Because the point is so nearly related to the one just disposed of, we will in this connection consider an objection urged to the judgment. The trial court charged that no proof had been adduced on the issue of actual damages and directed the jury to find against the plaintiff on that count. He did, however, submit the issue of whether plaintiff owed defendants or defendants owed plaintiff at the date in question, and allowed a recovery of such sum and interest as they might find defendants to be due plaintiff, and in addition thereto exemplary damages in case they found that plaintiff had been debarred from his room as alleged.
We have already seen that the allegations as to the balance thus due will not support a verdict for exemplary damages. This being true, the judgment must inevitably be reversed, for the reason that no judgment for exemplary damages may be allowed to stand unless some sum in actual damages is also found. Garson v. Texas Installment Co., 34 S.W. Rep., 762; Jones v. Matthews,75 Tex. 1. *Page 390
Where the actual damages are reduced by the proof to a mere nominal sum there is generally no ground for the recovery of punitory damages. 1 Suth. on Dam., p. 748.
As between the plaintiff's demand for the balance of $71.10 and defendants' answer that they had paid out for him more than they had received from him, the issue was one of mere balancing of opposing accounts, and eliminating such items as were shown to be erroneous. In such a controversy a special exception entitles either party to have the opposing claim properly itemized.
Such an exception was urged by defendants here to so much of plaintiff's petition as sought to set up the claim for a balance of $71.10. Upon this point there was a general allegation that at various times between December, 1901, and March, 1902, plaintiff had placed with defendants sums of money aggregating $335.35. The items going to make up this aggregate sum were not alleged in the body of the pleading, nor were the dates so alleged.

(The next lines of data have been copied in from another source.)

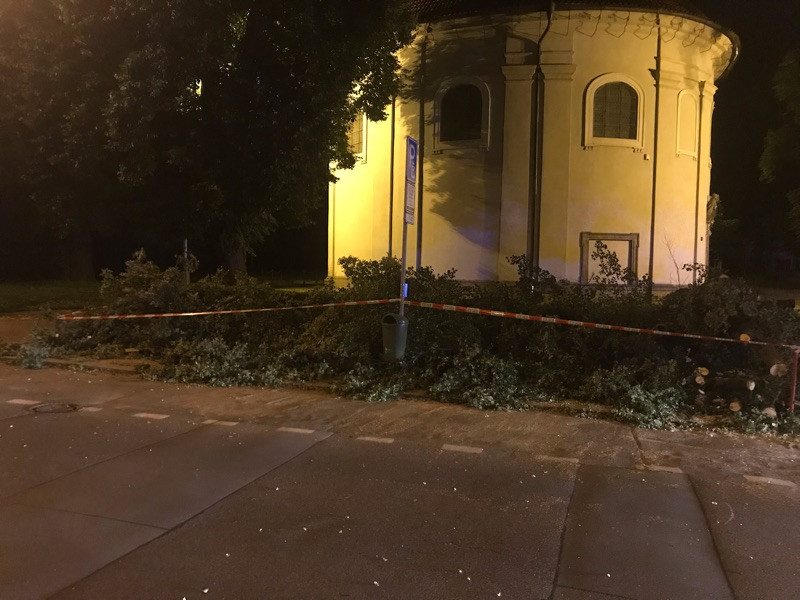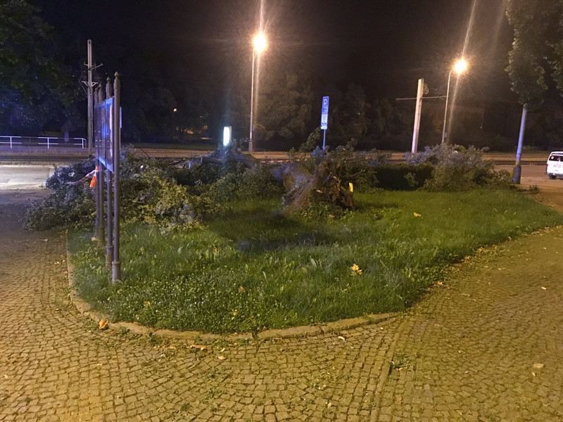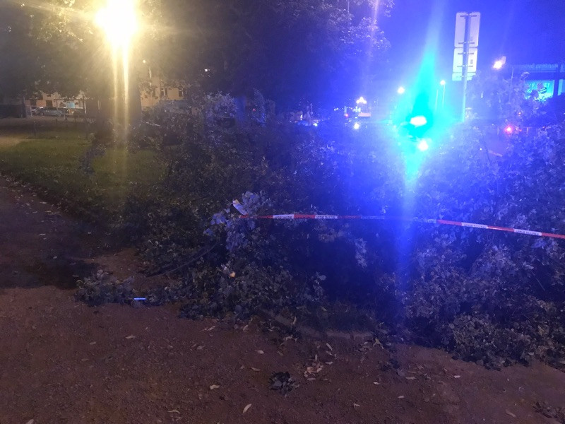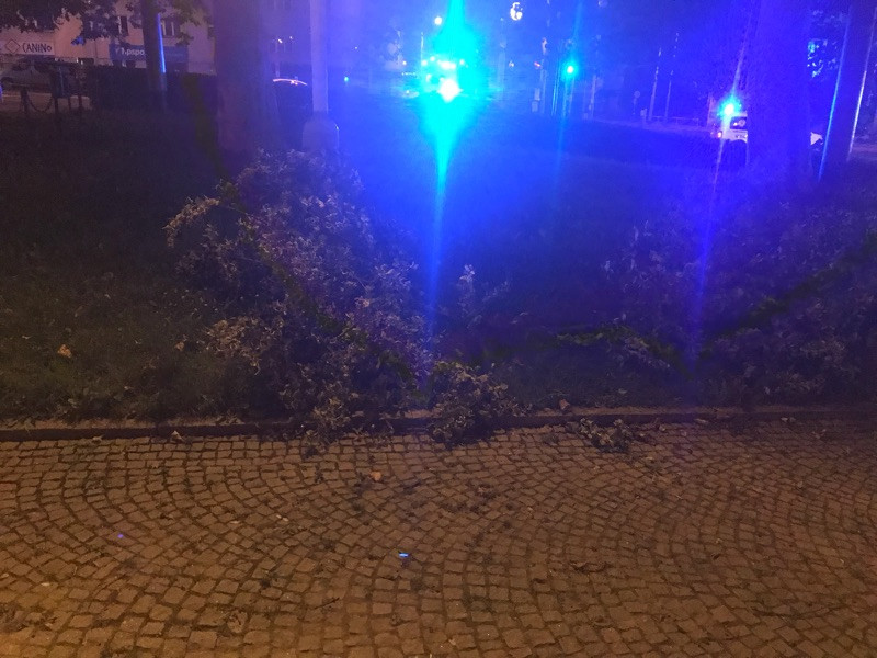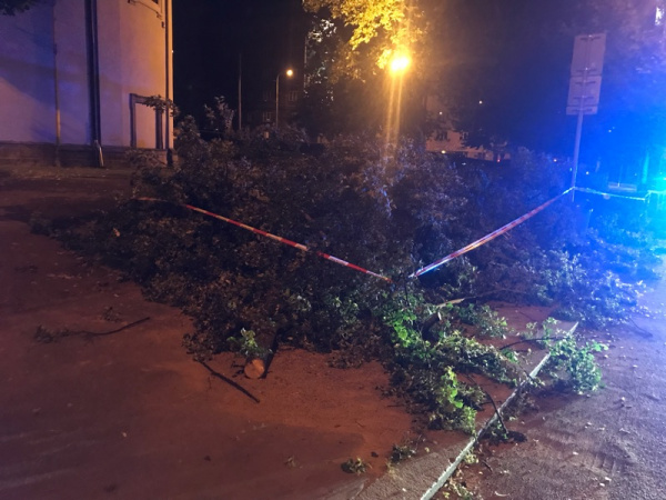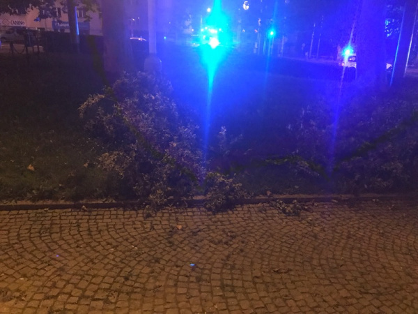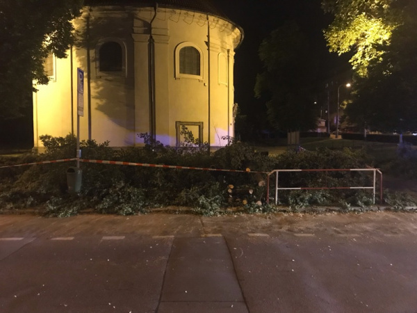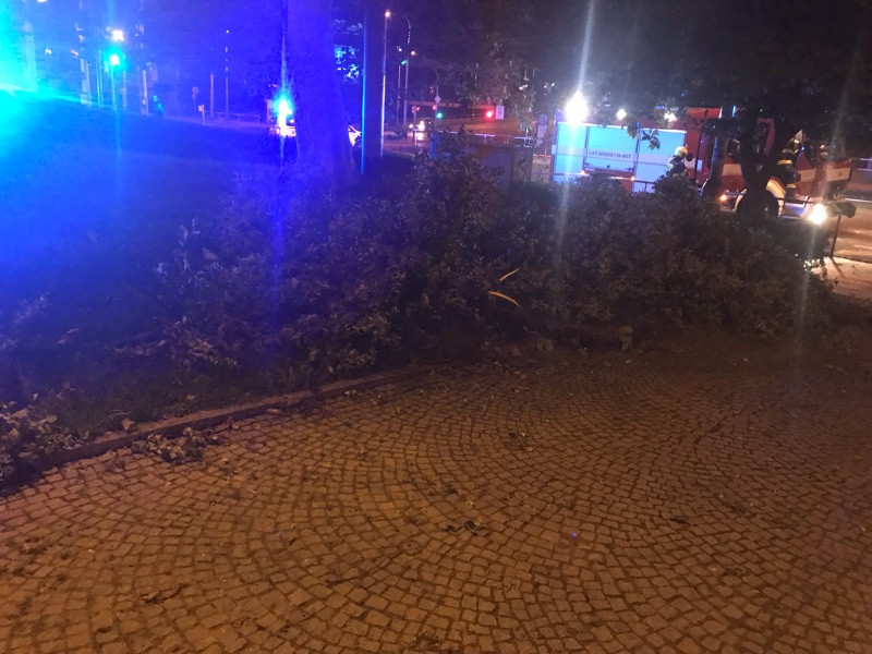 Spadlý strom a větve. Olšanská x Jičínská, Praha 3. Č.v.o. 301096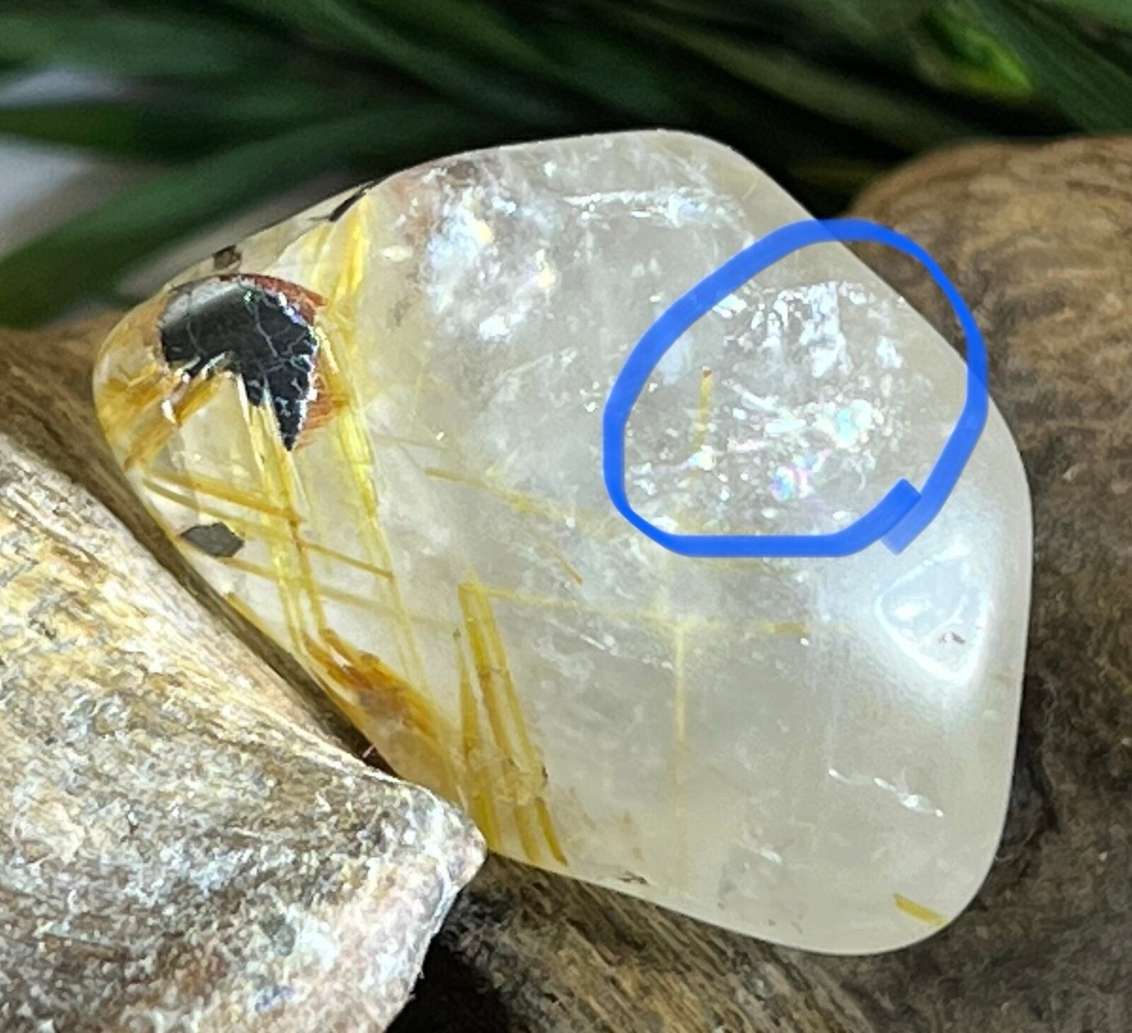 太いタイチンルチルが内包されており、ライトを当てる角度によって綺麗な虹が出る箇所もあります❁⃘*.゜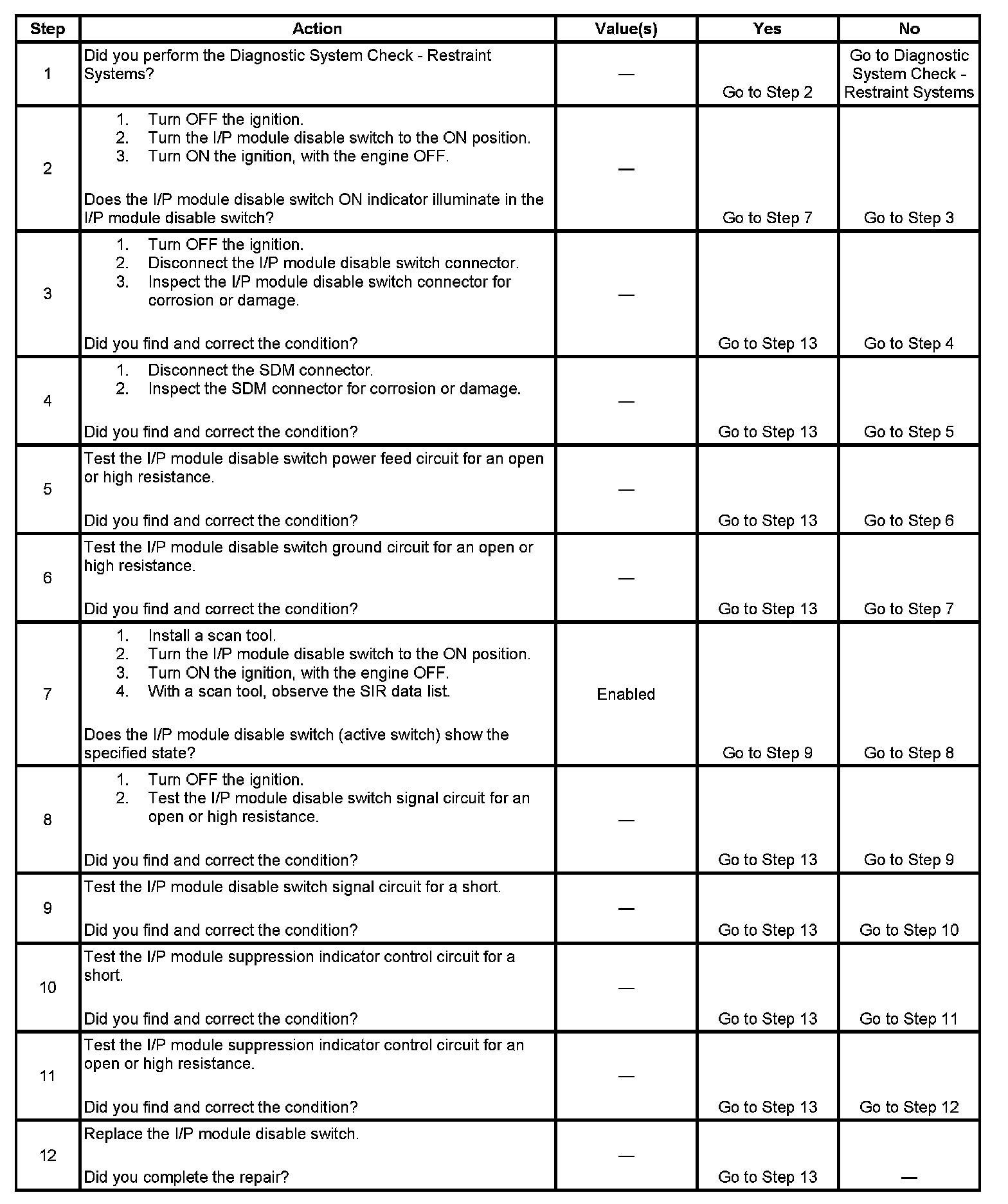The inflatable restraint I/P module disable switch circuit consists of an I/P module disable switch, I/P module disable switch indicator, I/P module disable switch signal circuit, and I/P module suppression indicator control circuit. When the ignition is turned ON, the inflatable restraint sensing and diagnostic module (SDM) performs tests to diagnose critical malfunctions within itself. The SDM monitors the voltage levels at the I/P module disable switch signal and the I/P module suppression indicator control circuits of the SDM to determine the position of the I/P module disable switch. If a malfunction is detected, a DTC will be stored.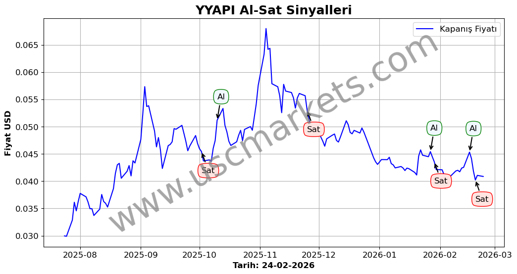 Son durum : 18-02-2026 tarihinde YYAPI hissesi için 'Satış' sinyali verildi. Bu, hissenin değer kaybetme olasılığını gösterir.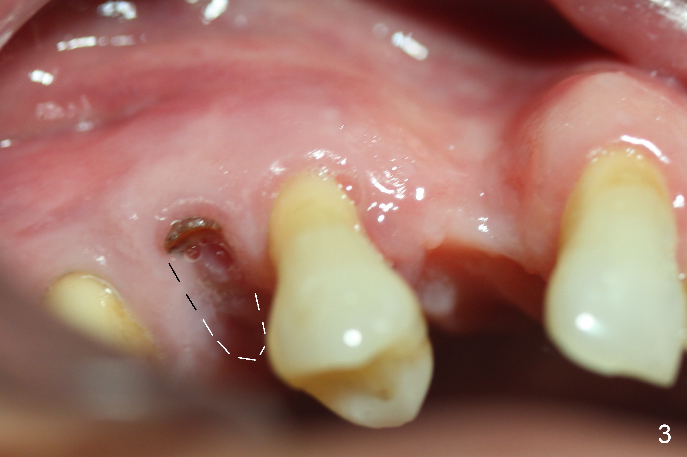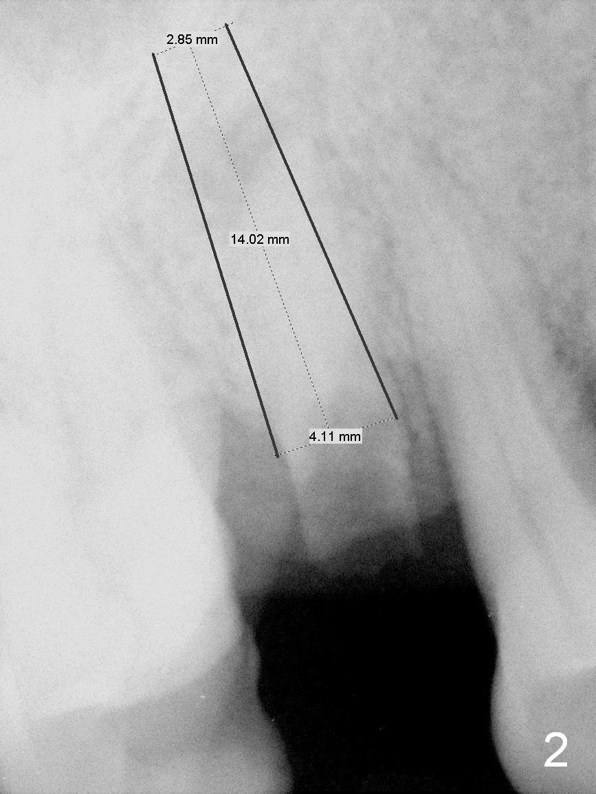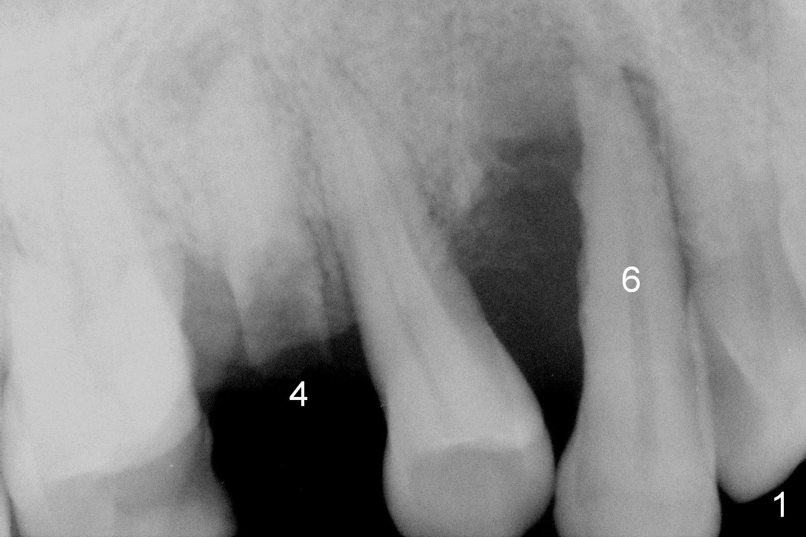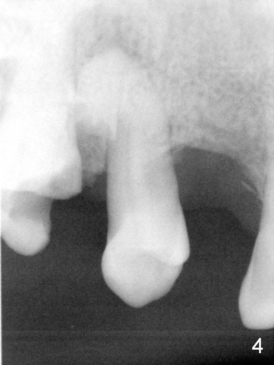 A 62-year-old man (CZ) has had chronic periodontitis. A month ago, five immediate implants were placed in the lower anterior region. Fig. 1 shows a PA taken 4 years ago: #4 residual root and #6 severe bone loss. A 4.1x14 mm bone-level implant is planned immediately after extraction (Fig.2). Clinically, the residual root is oval in shape (Fig.3 dashed line). The implant is placed as palatal as possible after socket treatment with 2% Xylocaine/1:50,000 Epinephrine (Fig.4). In addition, the osteotomy may have to be established in the distal wall, since the root tip tilts mesially (Fig.1). Take the 1st intraop PA after 2 mm pilot drill.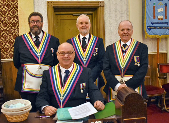 Called into action to be the representative of the PGM was Ulverston resident Stuart Brackstone who was able to witness Phil Burrow being installed into the principal chair in fine style. | |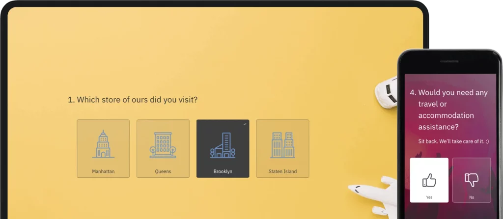Conversational surveys that are mobile-friendly as over 70% of participants take surveys from mobile devices. Subway, couch, or coffee breaks; your respondents can give feedback at their convenience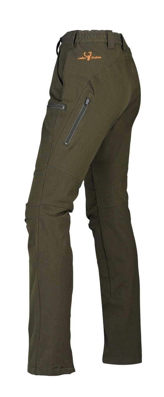 Mottoet for Hubertus tofarvede damejagtbukser, Stretch, er: Tag dem på og hav det godt. Det bi-elastiske 4-vejs stretchmateriale og det sporty snit klarer let enhver bevægelse ved stor jagtaktivitet. Ideel til pyrsch.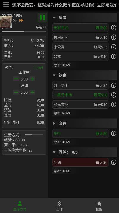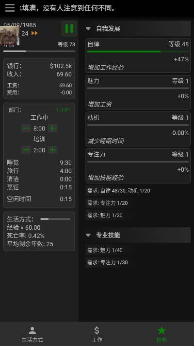一种正常的放置生活内置菜单修改版(it.paranoidsquirrels.beyond_idle)是一款非常好玩的文字模拟人生的游戏,在这里面体验真实的人生,你可以打造属于你自己的生活方式,非常有趣的挑战,提升你的个人技能等!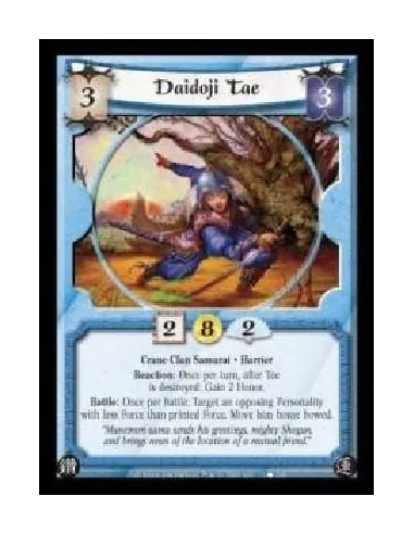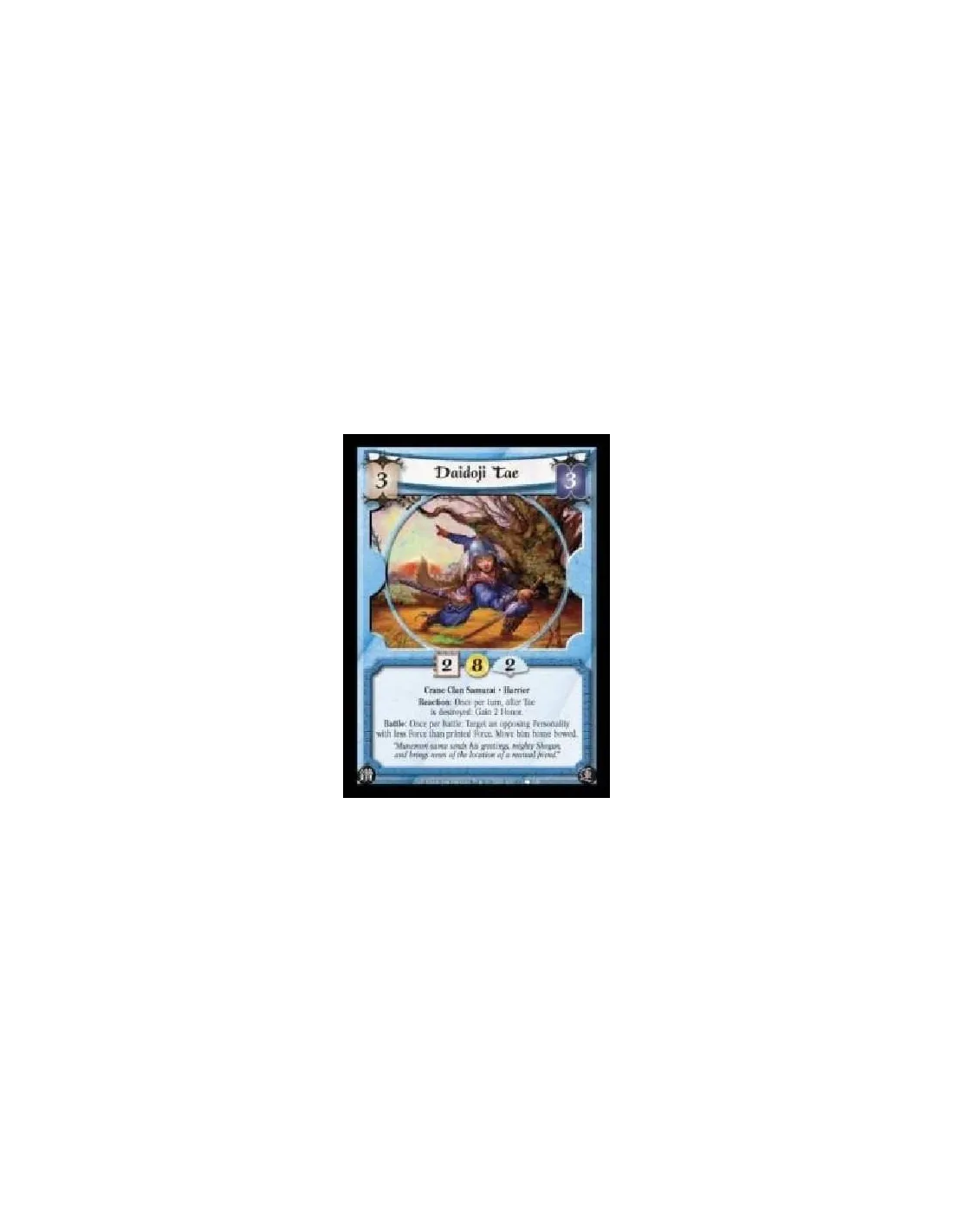 Crane Clan Samurai · Harrier. Reaction: Once per turn, after Tae is destroyed: Gain 2 Honor. Battle: Once per battle: Target an opposing Personality with less Force than printed Force. Move him home bowed.

The petition, however, referred in that connection to an attached exhibit in aid of it. This exhibit contained five items of debit against Malin Browder; two cash items, one for $15, the other for $20, the dates being given. The other three items were checks, the exhibit describing them by number, series, letter and date, each being for the sum of $100. The petition alleged the deposit of money contained no allegation with respect to checks, nor was it alleged that they were accepted or cashed by defendants.
The exception demanded more specific allegations in these respects, the point being made that the exhibit could not supply substantive and necessary allegations which the pleading lacked. The proposition seems to be well sustained by authority. Burks v. Watson, 48 Tex. 115; Thompson v. Eanes, 32 Tex. 194 [32 Tex. 194]; Pool v. Sandford, 52 Tex. 634.
It is believed that what has been said renders it unnecessary to notice in detail any of the remaining assignments. If the matters complained of in them are error they are not such as are likely to arise on another trial.
For the errors indicated the judgment is reversed and the cause remanded.